> _TASK DETAILS_:
From the line containing "A woman and" down to the last line of the entries, print each line exactly and leave the pictures out.

-- DATA TO USE follows --

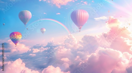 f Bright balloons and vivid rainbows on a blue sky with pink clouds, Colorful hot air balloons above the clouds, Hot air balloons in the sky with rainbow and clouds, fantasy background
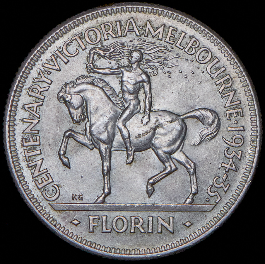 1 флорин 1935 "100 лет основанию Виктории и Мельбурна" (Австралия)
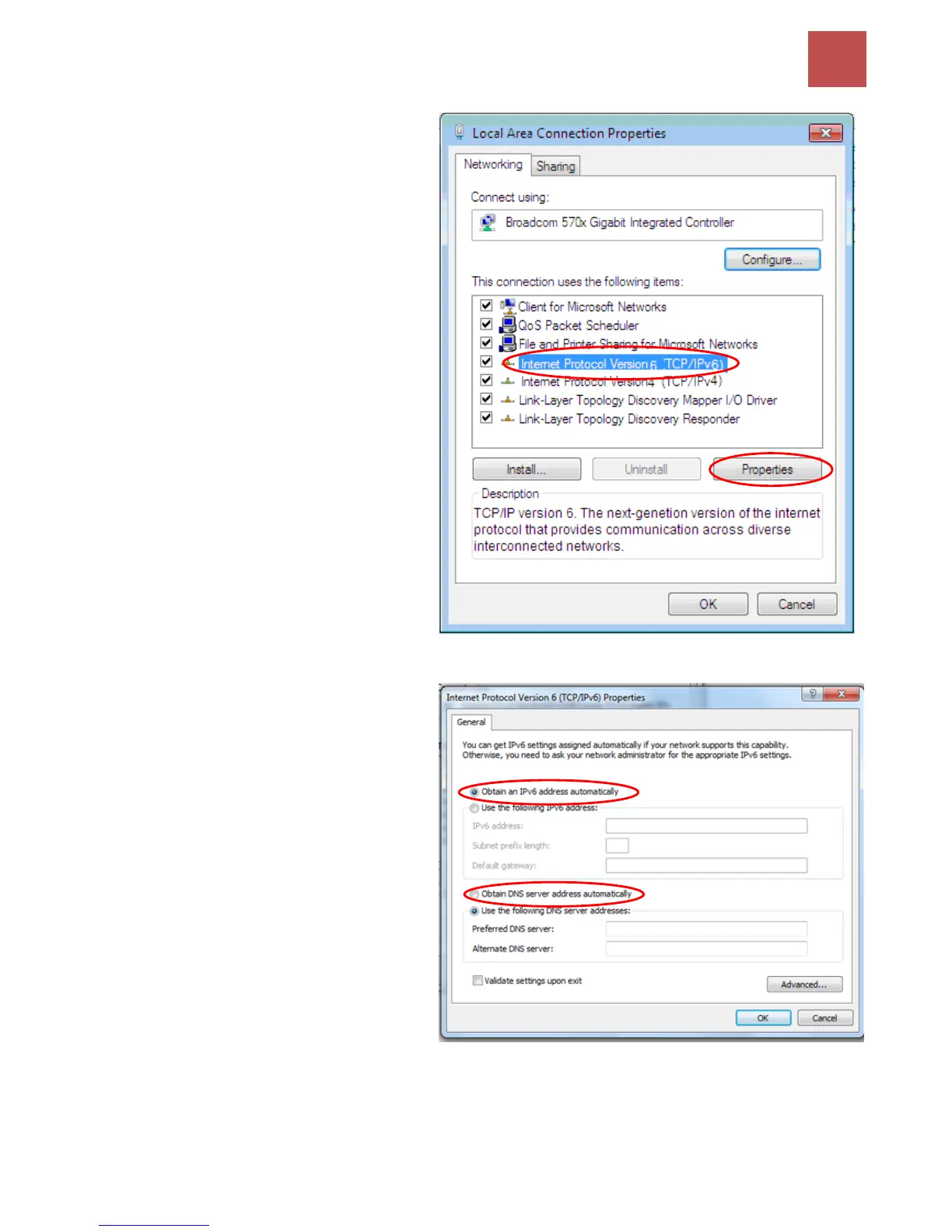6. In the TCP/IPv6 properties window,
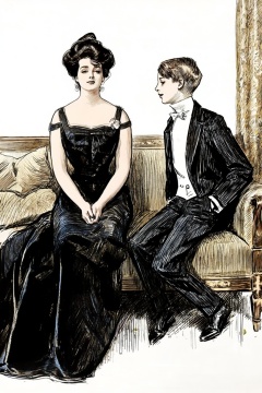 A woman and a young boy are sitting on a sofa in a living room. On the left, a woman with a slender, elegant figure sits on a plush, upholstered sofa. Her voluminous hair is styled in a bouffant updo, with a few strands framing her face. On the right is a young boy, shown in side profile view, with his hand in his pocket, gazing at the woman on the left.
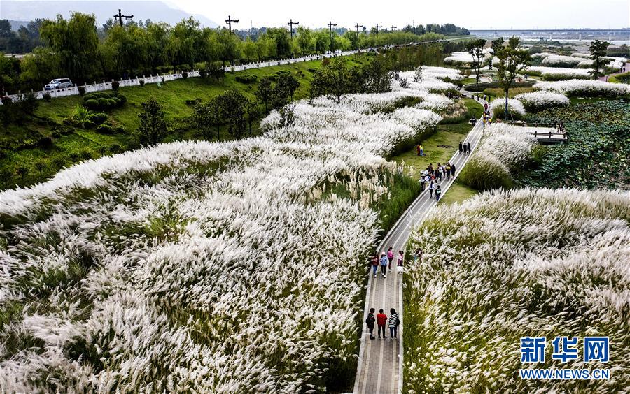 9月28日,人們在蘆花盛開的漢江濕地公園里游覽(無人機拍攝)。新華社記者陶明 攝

-- DATA TO USE concluded --

> _TASK RESPONSE_:
 A woman and a young boy are sitting on a sofa in a living room. On the left, a woman with a slender, elegant figure sits on a plush, upholstered sofa. Her voluminous hair is styled in a bouffant updo, with a few strands framing her face. On the right is a young boy, shown in side profile view, with his hand in his pocket, gazing at the woman on the left.
 9月28日,人們在蘆花盛開的漢江濕地公園里游覽(無人機拍攝)。新華社記者陶明 攝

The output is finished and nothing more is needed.